Douglas' Egyptian Liniment an older example. Yours is 20th century somewhere.

 The Zips is cool, and may hold the best value, along with the Stubby of the lot. I'm guessing 1950's on the Zips. There may be dating and maker info on the base.






  It's a 1940's form but may have been made later. Toronto? Too bad about the ACL degradation...

 The MOM tablets, though a nice window blue, has no real value, due to the high numbers recently produced.

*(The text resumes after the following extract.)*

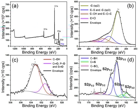 X-ray photoelectron spectroscopic (XPS) measurements were carried out using a VG-220IXL spectrometer with a monochromated Al Kα radiation (1486.6 eV, line width 0.8 eV). The pressure in the analyzing chamber was kept at the level of 10−9 torr while recording the spectra. The spectrometer has the energy resolution of 0.4 eV. All the binding energies were corrected with reference to C(1s) at 284.6 eV. Deconvolution of the spectrum was done using the CASA software with the accuracy of 0.2 eV. Shirley background was used for the deconvolution. For the high-resolution C1s XPS spectrum was deconvoluted into the following three components: C–C (sp2- and sp3-hybridized peaks at 284.7 and 285.4 eV, respectively) [24], C–S (285.3 eV), [28] and C–O (hydroxyl or ether peaks at 286.5 eV) [43]. Carbon atoms with the C–S bond were not separately treated because the C1s binding energy of C–S (285.3 eV) is too close to that of C–C (sp3-hybridization) and thus could not be resolved, given the resolution of the XPS instrument (0.4 eV). The high-resolution O1s XPS spectrum was presented with the following oxygen functional groups: P=O (531.7 eV), [44] and/or oxygen binding energy in sulfonic functional group (531.2~532 eV), [45] as well as C-OH (532.7 eV) [28]. The high-resolution S2p spectrum was deconvoluted with three functional groups: C=S (S2p3/2 at 162.0 eV with FWHM of 1.4 eV; S2p1/2 at 163.2 eV with FWHM of 1.4 eV), C–SH (S2p3/2 at 164.0 eV with FWHM of 1.2 eV; S2p1/2 at 165.2 eV with FWHM of 1.2 eV), [46] and C-SO3H (S2p3/2 at 167.5 eV with FWHM of 1.4 eV; S2p1/2 at 168.7 eV with FWHM of 1.4 eV) [47]. The area ratio and splitting energy difference between S2p3/2 and S2p1/2 spin-orbit doublet peaks were 2:1 and 1.2 eV, respectively.

 The last 2 may be the oldest. Can't really tell from so far away...[8D]


----------



## dw3000 (Mar 14, 2012)

The Stubby in nice, although the label is a bit faded.  I'd like to find one.  Here's the before and after...


----------



## CreekWalker (Mar 16, 2012)

If that embossed Stubby amber was tatooed instead of embosssed, stub would be nearly unemployable![] That's some major embossing on that soda!


----------



## surfaceone (Mar 16, 2012)

> ORIGINAL:  dw3000
> 
> The Stubby in nice, although the label is a bit faded.  I'd like to find one.  Here's the before and after...


 
 Now you're talking, Dan,

 I am really visually feeling that "Before," *big*time!




From.


----------



## dw3000 (Mar 18, 2012)

Yeah the embossing is pretty crazy.  It's a very cool bottle.


----------



## dw3000 (Mar 18, 2012)

Does anyone know the value of the little ZIP bottle?


----------